TASK TO CARRY OUT:
Filter the lines below, keeping each one that holds "time".

═══ STUDY MATERIAL ═══

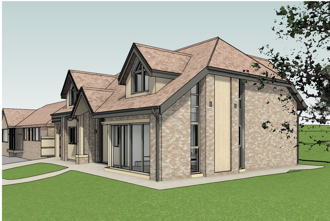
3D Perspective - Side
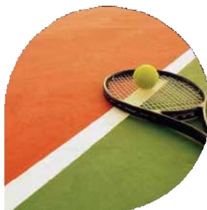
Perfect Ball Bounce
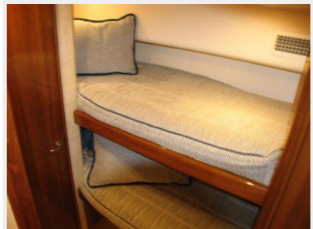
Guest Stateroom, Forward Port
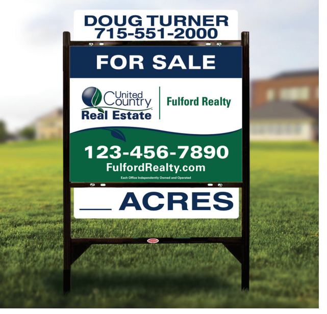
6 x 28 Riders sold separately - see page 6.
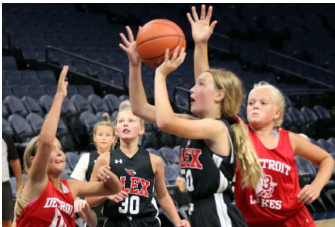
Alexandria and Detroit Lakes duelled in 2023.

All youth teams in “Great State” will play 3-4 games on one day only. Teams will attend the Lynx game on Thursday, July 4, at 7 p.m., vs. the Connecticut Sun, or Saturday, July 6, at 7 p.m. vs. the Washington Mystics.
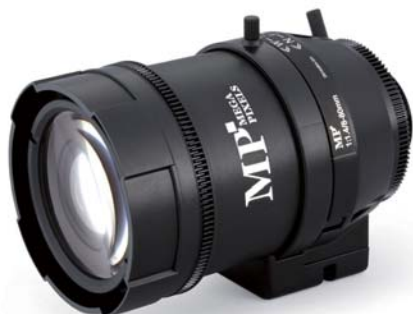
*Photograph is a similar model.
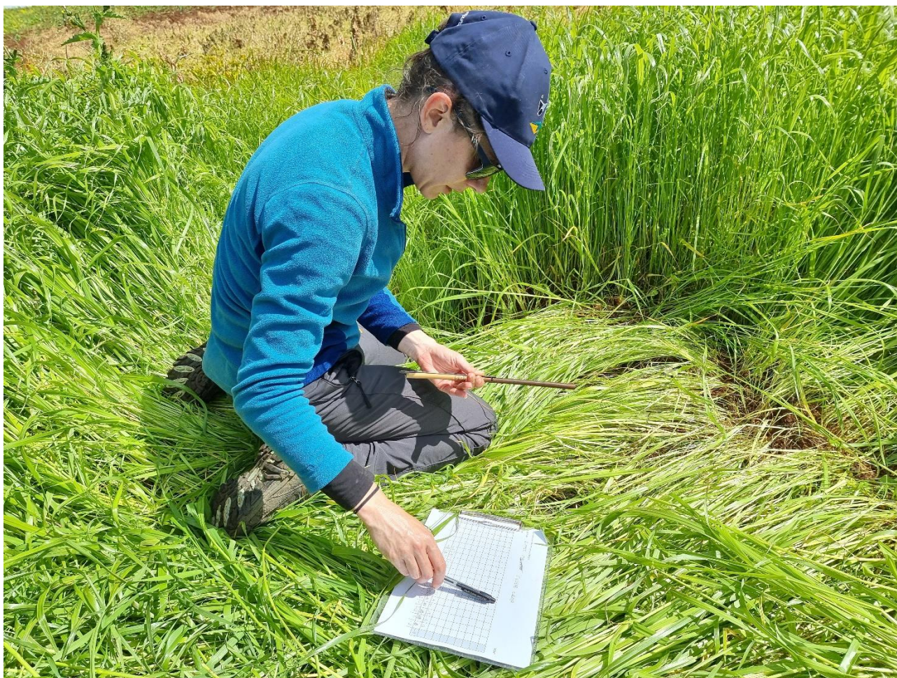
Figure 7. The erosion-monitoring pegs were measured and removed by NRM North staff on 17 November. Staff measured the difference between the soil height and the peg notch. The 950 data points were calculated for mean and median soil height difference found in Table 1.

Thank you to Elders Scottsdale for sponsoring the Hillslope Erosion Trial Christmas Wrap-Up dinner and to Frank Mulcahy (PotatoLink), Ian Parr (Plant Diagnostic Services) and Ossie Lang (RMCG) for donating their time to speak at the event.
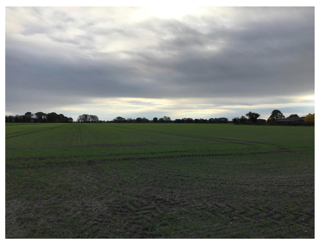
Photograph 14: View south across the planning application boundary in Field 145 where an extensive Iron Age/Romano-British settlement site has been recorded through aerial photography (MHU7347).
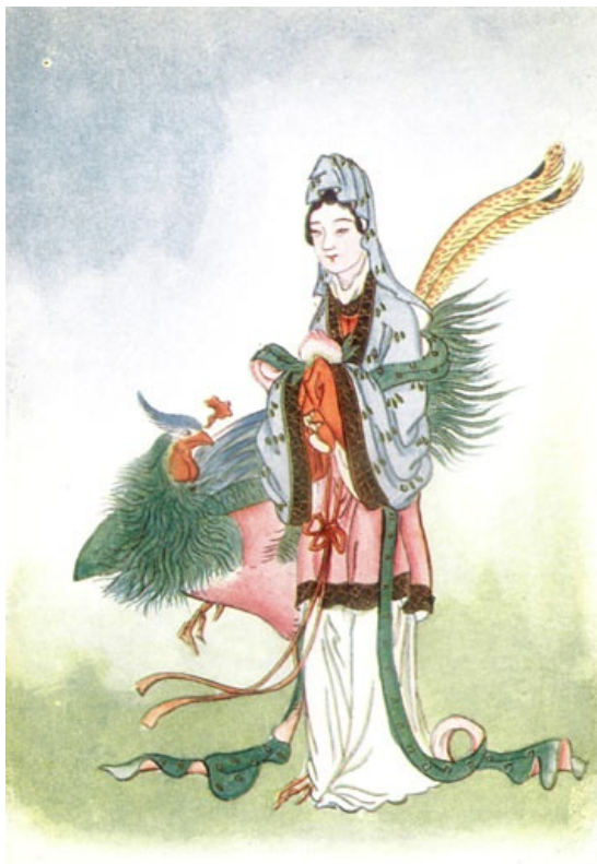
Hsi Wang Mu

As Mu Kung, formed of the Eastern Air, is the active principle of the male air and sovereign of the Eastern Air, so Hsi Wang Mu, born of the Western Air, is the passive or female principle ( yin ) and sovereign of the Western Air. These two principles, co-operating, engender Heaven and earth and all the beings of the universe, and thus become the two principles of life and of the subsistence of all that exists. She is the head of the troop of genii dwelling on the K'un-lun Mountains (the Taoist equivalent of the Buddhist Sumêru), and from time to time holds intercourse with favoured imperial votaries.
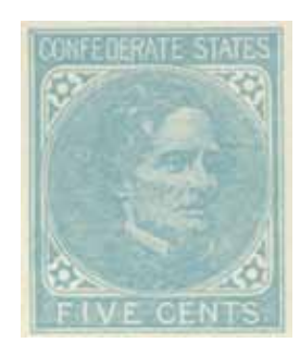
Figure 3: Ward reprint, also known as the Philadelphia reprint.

═══

SOLUTION FOR THIS EXERCISE:
Thank you to Elders Scottsdale for sponsoring the Hillslope Erosion Trial Christmas Wrap-Up dinner and to Frank Mulcahy (PotatoLink), Ian Parr (Plant Diagnostic Services) and Ossie Lang (RMCG) for donating their time to speak at the event.
As Mu Kung, formed of the Eastern Air, is the active principle of the male air and sovereign of the Eastern Air, so Hsi Wang Mu, born of the Western Air, is the passive or female principle ( yin ) and sovereign of the Western Air. These two principles, co-operating, engender Heaven and earth and all the beings of the universe, and thus become the two principles of life and of the subsistence of all that exists. She is the head of the troop of genii dwelling on the K'un-lun Mountains (the Taoist equivalent of the Buddhist Sumêru), and from time to time holds intercourse with favoured imperial votaries.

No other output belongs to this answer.